* Data extract *

======

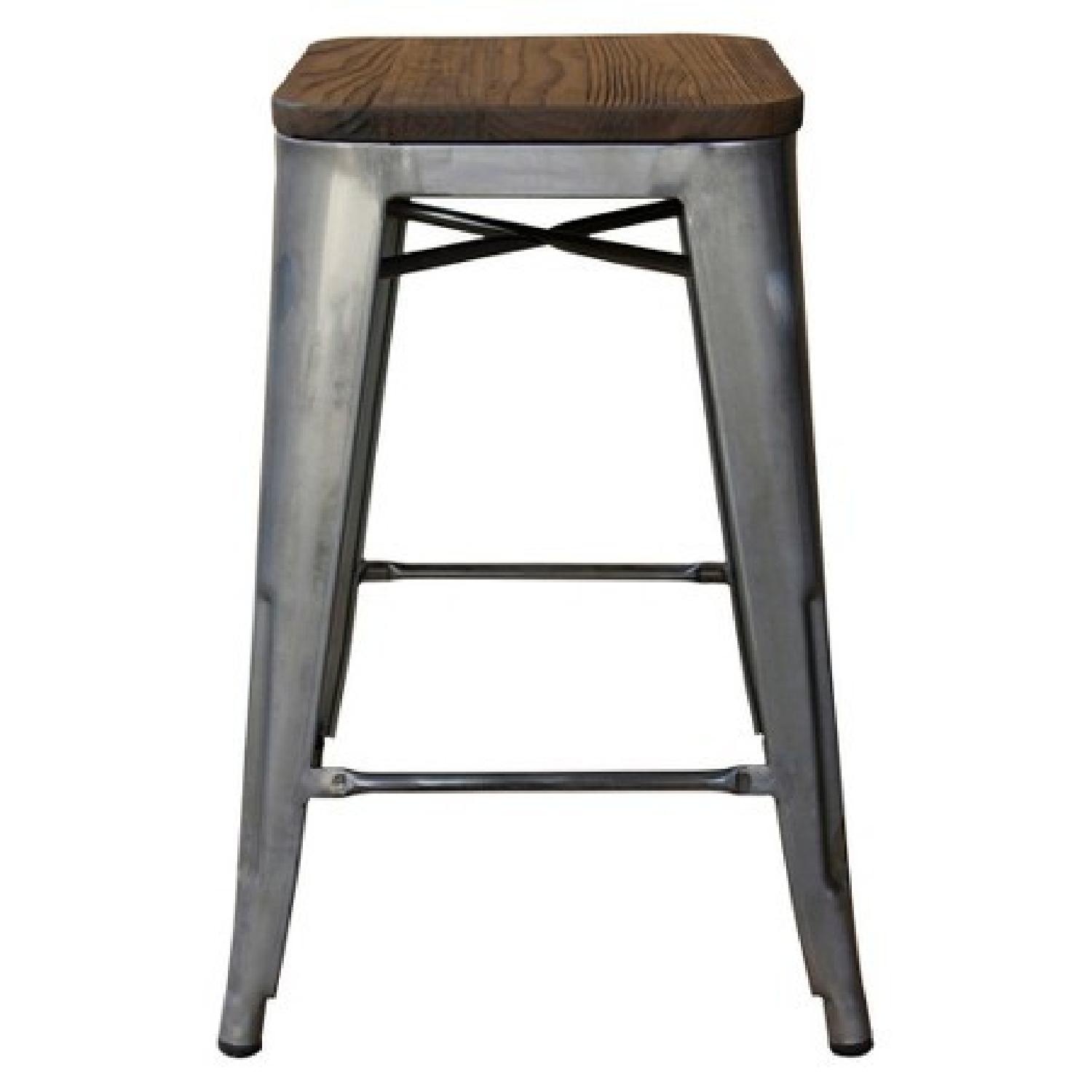 Seller's Notes:Set of 2 counter height stools. Wood top with iron legs.
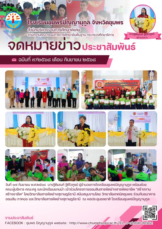 11 ก.ย.68 นางฐิติมณฑ์ ฐิติไวฑูรย์ ผู้อำนวยการโรงเรียนชุมพรปัญญานุกูล เป็นประธานในพิธีกล่าวเปิดงาน "กิจกรรมอบรมเสริมทักษะสำหรับครูและนักเรียนแกนนำทักษะอาชีพอิสระและงานบริการ" โดยมีนางสาวเกษรา เลี่ยมแก้ว รองผู้อำนวยการ กล่าวรายงานการดำเนินกิจกรรม
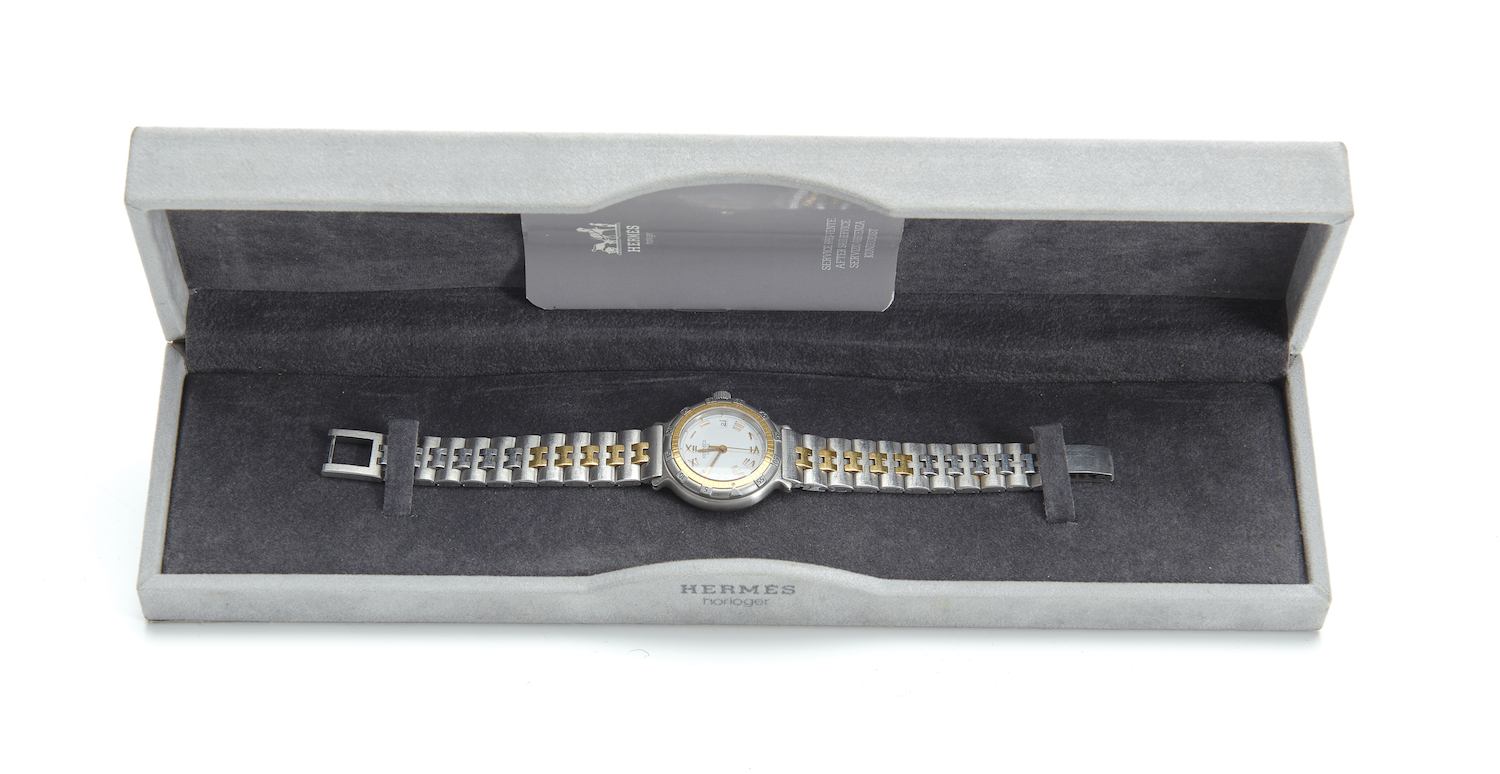 Quartz movement, circular white dial with Arabic numerals, stainless steel and gold plated bands, total length 160mm, case diameter 25mm, boxed.

======

* About this exercise *
Images in the data above are to be skipped. Retype all other material exactly.

* Solution for this problem *
 Seller's Notes:Set of 2 counter height stools. Wood top with iron legs.
 11 ก.ย.68 นางฐิติมณฑ์ ฐิติไวฑูรย์ ผู้อำนวยการโรงเรียนชุมพรปัญญานุกูล เป็นประธานในพิธีกล่าวเปิดงาน "กิจกรรมอบรมเสริมทักษะสำหรับครูและนักเรียนแกนนำทักษะอาชีพอิสระและงานบริการ" โดยมีนางสาวเกษรา เลี่ยมแก้ว รองผู้อำนวยการ กล่าวรายงานการดำเนินกิจกรรม
 Quartz movement, circular white dial with Arabic numerals, stainless steel and gold plated bands, total length 160mm, case diameter 25mm, boxed.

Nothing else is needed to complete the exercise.